Não bastassem esses pontos positivos, ainda há dois atores extremamente eficientes em conduzir a história e nos envolver em seus dramas pessoas. Tanto Jean Dujardin quanto Bérénice Bejo nos provam que atuação, embora auxiliada pela voz, não depende exclusivamente dela – nem sequer depende dela: ambos trazem personagens densos em situações dramáticas maravilhosas e os defendem assombrosamente bem. Basta observar o carisma de George no sorriso de Jean – o ator sorri com alegria indubitável e, por conseguinte, também o espectador sorri. Já o eterno torpor de Peppy é transmitido extremamente puro a quem vê, provando que Bérénice não mediu esforços para que nós nos sentíssemos como ela, ou seja, sempre à procura da restauração daquilo que deu errado e que supostamente é sua culpa. E conforme o filme acontece e vemos as trajetórias opostas dos personagens – a ascensão de Peppy e a queda de George –, percebemos cada vez mais os atores intensificando a vida dos personagens, até chegar num ponto em que um sorriso e um olhar triste se tornam extremamente desesperadores de tão belo que são representados.

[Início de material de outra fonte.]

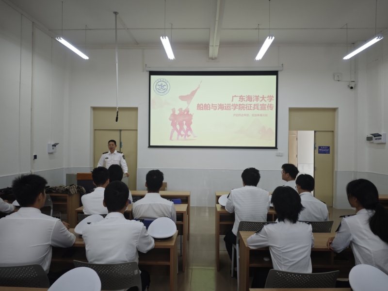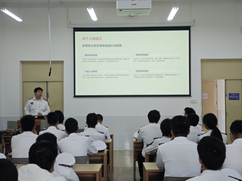 为落实公司兵员预征预储工作,营造参军报国的浓厚氛围,引导船海学子积极服务国防、投身强军事业,11月30日上午,船舶与海运公司在海滨校区济海楼1号教室组织2026年春季征兵宣传会,公司兼职武装干部、半军管大队长江涛、预征预储船海中队全体人员及志愿入伍毕业生50余人参加活动,活动由预征预储船海中队副中队长王玉堃主持。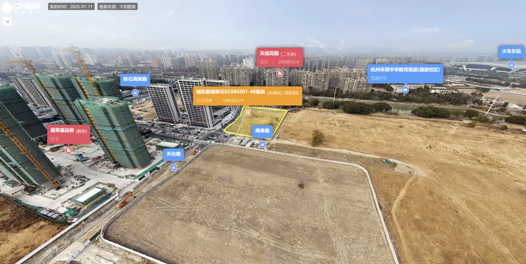 1月21日,杭州市2025年第二批宅地开拍。位于余杭区西站单元的西站新城单元YH080701-40地块经过32轮竞价成交,溢价率25.5%,成交楼板价26101元/平方米,成为地块所在云城板块的单价地王。
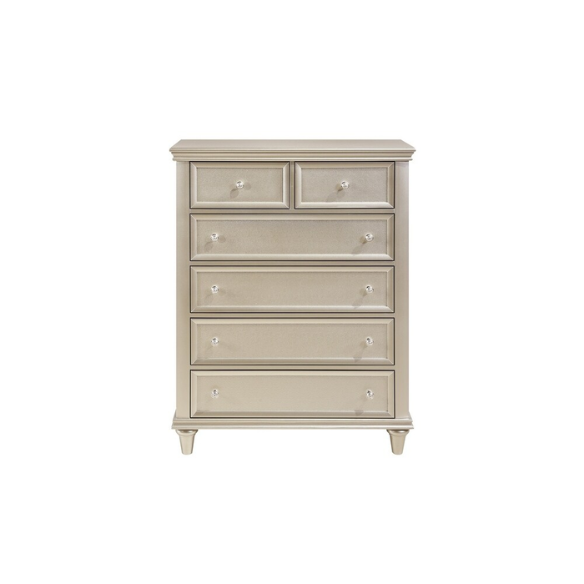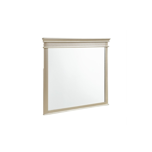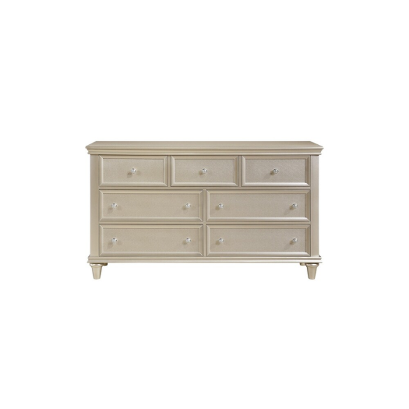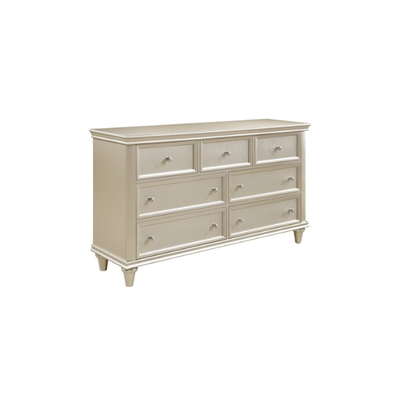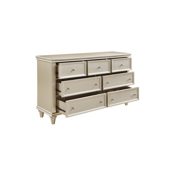 The matching dresser and mirror continue the elegant aesthetic, with polished knob hardware that gleams against the silver backdrop. Crafted from wood and engineered wood, this set delivers both durability and style, making it a stunning focal point for any contemporary or transitional bedroom.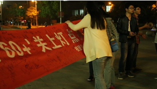 (环协通讯员:张小娟)2014年3月29日晚七点,“蓝天自造,地球一小时”活动在环协会长白云的领导下正式开始,首先是在学校综合楼广场拉横幅邀请同学们签名以表达对活动的支持。在协会成员以及各社团友人的积极参与下,签名活动举行得很成功。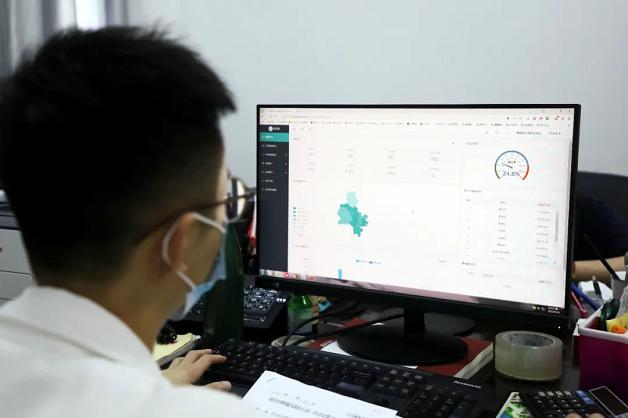 工作人员通过“全国中小企业融资综合信用服务平台”查看鲤城企业相关信息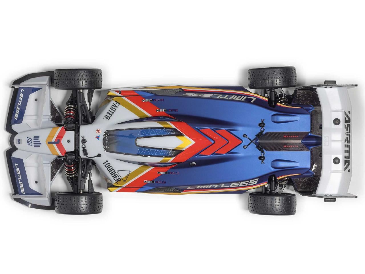 This ready-to-run version of the LIMITLESS includes a low-drag body that's factory-finished in a choice of colors. Wing trim lines can be used to reduce downforce. The full-width front splitter improves traction and handling, and a large rear diffuser reduces turbulence and drag.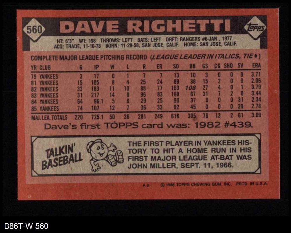 1986 Topps #560 Dave Righetti 8 - NM/MT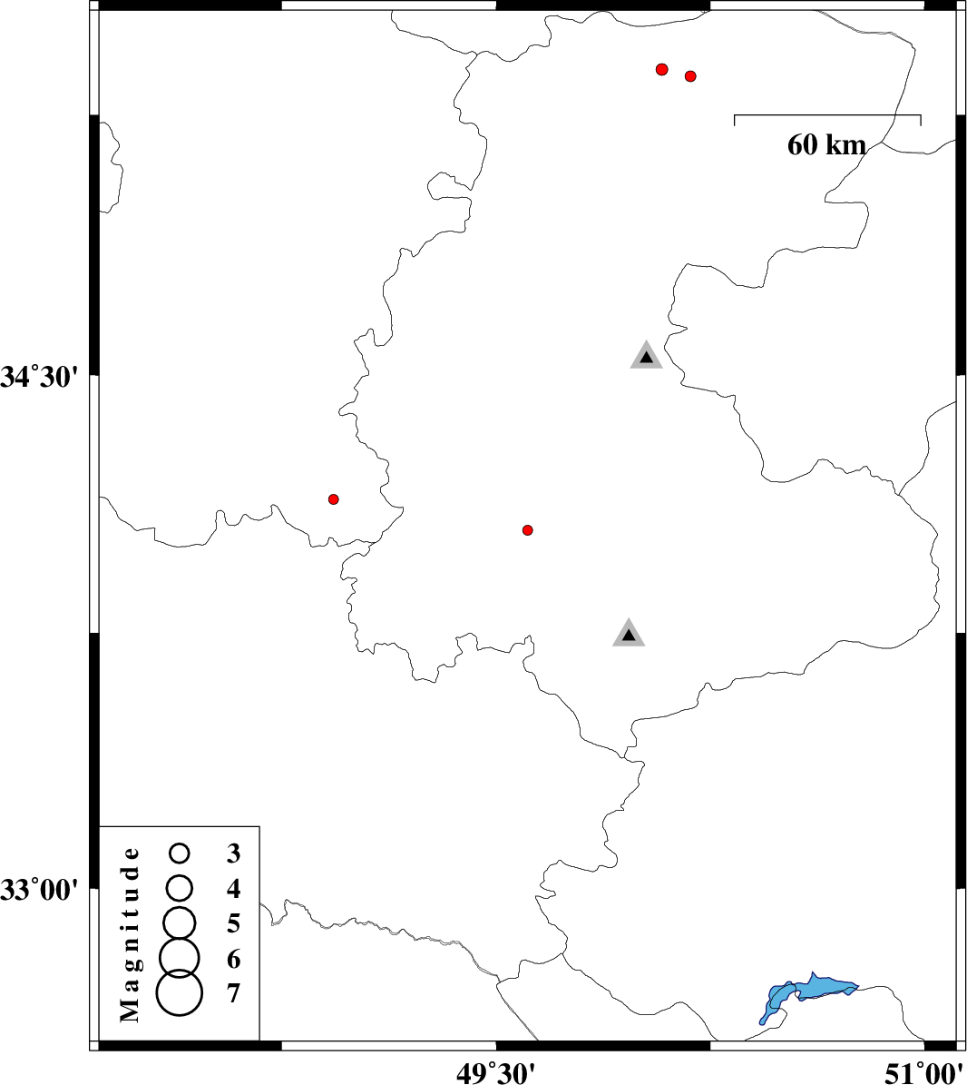 2014/01/06 | 11:13:40.1 | 14:43:40.1 | 35.36 | 50.18 | 14 | ML:1.7 | Markazi Province, 41 km North-West of Saveh |

E para não dizer que não há som, afirmo que a trilha sonora que acompanha todo o filme é ótima, dando mais intensidade à trama e, devido a uma cena inicial na qual vemos a orquestra tocando e acompanhando o filme, temos ainda mais a impressão de estarmos mesmo ante um filme produzido na década de 1920. E pra não dizer que não há falas, só cartelas esporádicas, no final há uma surpresa que desestabiliza o espectador, tão genial que é. Decerto é uma das melhores produções recentes, um desses filmes que merecem toda a nossa atenção e que devem ser vistos, revistos e analisados com muita atenção, porque tudo nele, além de funcional e significativo no universo cinematográfico e também no universo da arte, é charmoso e divertido – inclusive o cão, que conquista nossa simpatia assim como George e Peppy.

2 opiniões:

Guilherme Z. disse...

Eu torço muito para que esse filme ganhe o Oscar. Acho que ultimamente a Academia de Cinema tem premiado filmes que são facilmente esquecíveis e muitos deles apenas para fezer média com algumas pessoas ou para corrigir erros do passado. "O Artista" só por sua proposta original em meio a era do 3D e afins já vale o título "o melhor filme de 2011". Sai da mesmice. Abraços!

Júlio Pereira disse...

Desde o primeiro trailer, me emocionei profundamente e, desde então, estou aguardando ele de forma ansiosa. Estou esperando, no entanto, que ele chegue nos cinemas de Goiânia, por isso não assisti ainda. Me parece mesmo uma obra singular e de respeito. Por enquanto, não posso opinar muito bem, mas quando ver, digo o que achei!